Lawmakers voted 229-193 to send the measure back to the Senate.

But Majority Leader Harry Reid says he will not allow any bargaining until the Republicans relent and the House approves the short-term bipartisan measure which passed the Senate with an overwhelming majority. President Barack Obama has voiced support for the legislation, but has also said it needs to be quickly extended to cover all of 2012.

 

The House passed a full-year extension last week, but included many spending cuts opposed by Democrats. Republican members erupted in frustration at the Senate measure, which drops changes to the unemployment insurance system that conservatives wanted along with cuts to Obama's health care law.

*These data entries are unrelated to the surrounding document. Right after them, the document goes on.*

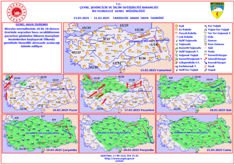 Genel Müdürlük, halen mevsim normallerinin 10 ila 15 derece üzerinde seyreden hava sıcaklıklarının, ani düşüş ile birlikte tarımsal faaliyetlerin olduğu bölgelerde zirai don meydana gelebileceği uyarısı yaptı.
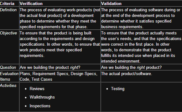 (动态和静态测试)和(验证和验证测试)
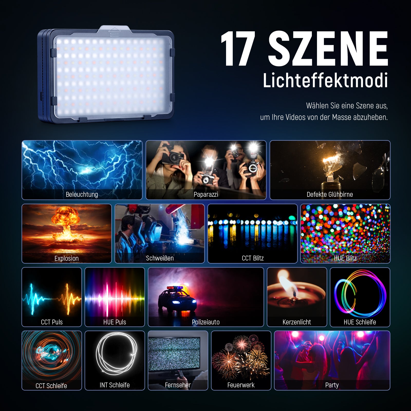 - 【17 Szeneneffekte für die Filmerstellung】 Im FX Modus können Sie mit 17 einzigartigen Szenen fesselnde Videos und Kurzfilme produzieren, die es mit professionellen Studios aufnehmen können. Die Szenen sind Blitz, Paparazzi, Defekte Glühbirne, Explosion, Schweißen, CCT Blitz, Hue Blitz, CCT Puls, Hue Puls, Polizeiauto, Kerzenlicht, Hue Schleife, CCT Schleife, INT Schleife, TV Bildschirm, Feuerwerk und Party
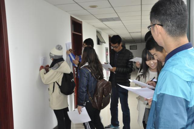 下午2时整,评委团来到梅苑3号楼1楼,开始逐层进行卫生检查。评分总分为100分,打分的内容主要包括“宿舍卫生”、“宿舍安全”、“宿舍文化”和“宿舍装扮”四个方面,取各评委分数的平均分作为每个寝室的最终得分。卫生检查从梅苑B区1楼大三宿舍开始,评审团对宿舍的地面、阳台、卫生间等处依次进行了细致地检查,评审过程中,同学们积极配合,使得评比工作进展极其顺利。尽管离入学已过去一两年,然而大部分13、14级宿舍仍坚持定期整理清洁,宿舍环境干净整洁,舒适宜人。由于平时注重清理和维护,大多数宿舍卫生方面也得到了评审团的一致好评。
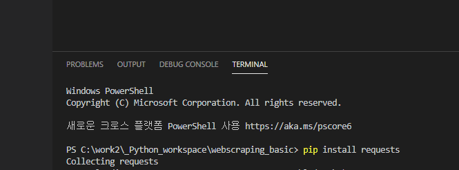 터미널 창에 pip install requets 치기 (requests 설치완료!)
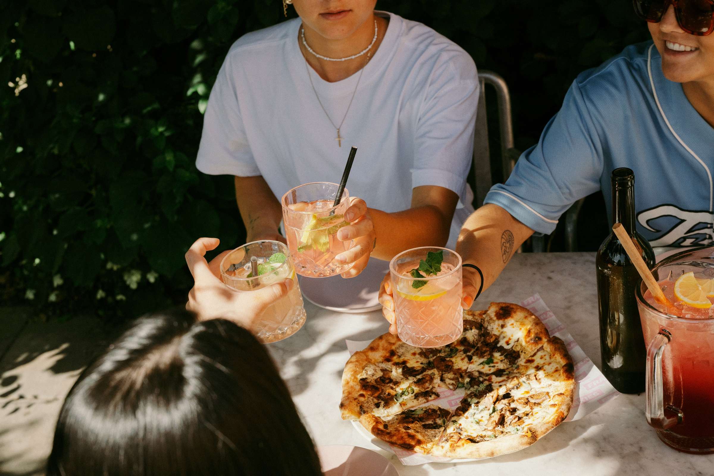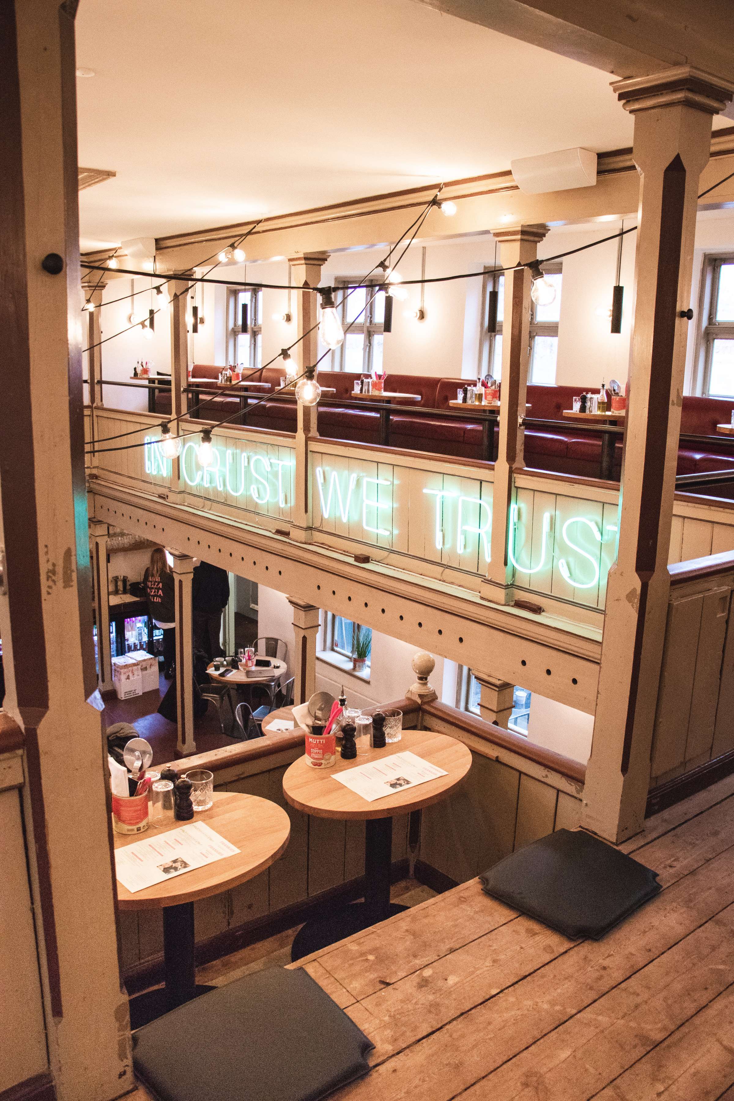 Indendørs har vi et rum, hvor den flotte balkon giver en eminent udsigt, uanset hvor du sidder, og udendørs er rammerne sat til hygge i solen med plads i både for- og baggård. Det er det perfekte sted at nyde vores lækre pizzaer, kolde drinks og en afslappet stemning, der indbyder til både hygge og fest.
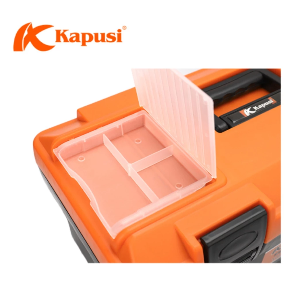 Hộp đựng dụng cụ KAPUSI có thiết kế mạnh mẽ, ngăn chứa đồ rông rãi cùng thiết kế quai xách tiện lợi, sẽ là công cụ hỗ trợ đắc lực cho thợ kỹ thuật.
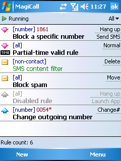 Мощное средство фильтрации звонков и SMS. С помощью MagiCall можно избавиться от нежелательных звонков, автоматически вешать трубку или отправлять SMS, если вы не можете ответить. Предусмотрена возможность создавать правила обработки звонков и SMS.
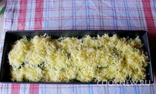 Последний ряд кабачков посыпьте тертым сыром
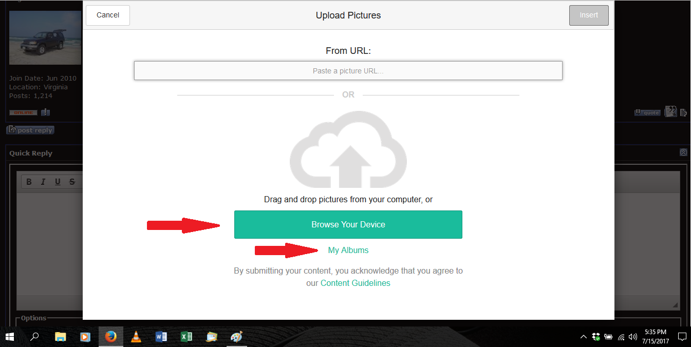 You will see this screen next. To upload a picture, Click "browse your device" or drag and drop your picture onto this screen. (If you have previously uploaded the picture to Yotatech, whether in a thread or to your albums, you can click the "My albums" link to find it) I will admit, I have not used the Albums feature much so I cannot comment on that yet.
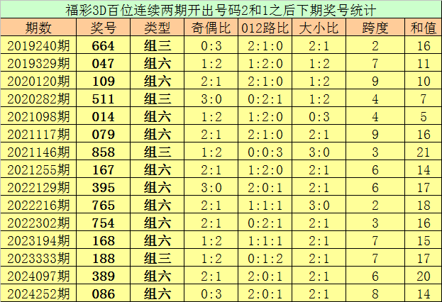 百位号码:连续两期百位出号分别为:2-1,历史上福彩3D连续两期前后分别出号2-1的奖号共出现72次。在百位2-1的奖号现象出现时,近15期下期分别出号:664-047-109-511-014-079-858-167-395-765-754-168-188-389-086;

Lawmakers are looking to renew a 2 percentage point cut in the Social Security payroll tax, plus jobless benefits averaging about $300 a week for the long-term unemployed. The impasse could mean a tax hike for 160 million American workers in January, while almost 2 million people could lose their unemployment benefits.

President Barack Obama says a bipartisan compromise reached by the Senate is the "only viable way" to prevent a tax increase on Jan. 1.

In a surprise appearance in the White House briefing room on Tuesday, the president said a "faction" of Republicans in the House is refusing to vote on a Senate bill that would extend a payroll tax cut for two months.

Obama said, "The clock is ticking. Time is running out." The president said House Republicans are trying to "wring concessions" from Democrats on issues that "have nothing to do with the payroll tax cut."

Obama says lawmakers owe it to the American people "to come together and do the right thing."

House Speaker John Boehner says it's time for President Barack Obama to help end Congress' impasse over renewing the payroll tax cut and jobless benefits.

The Ohio Republican said Tuesday that he wants Obama to call on the Democratic-led Senate to return to Washington and bargain with the House over a compromise plan. He said at a news conference, "I need the president to help out."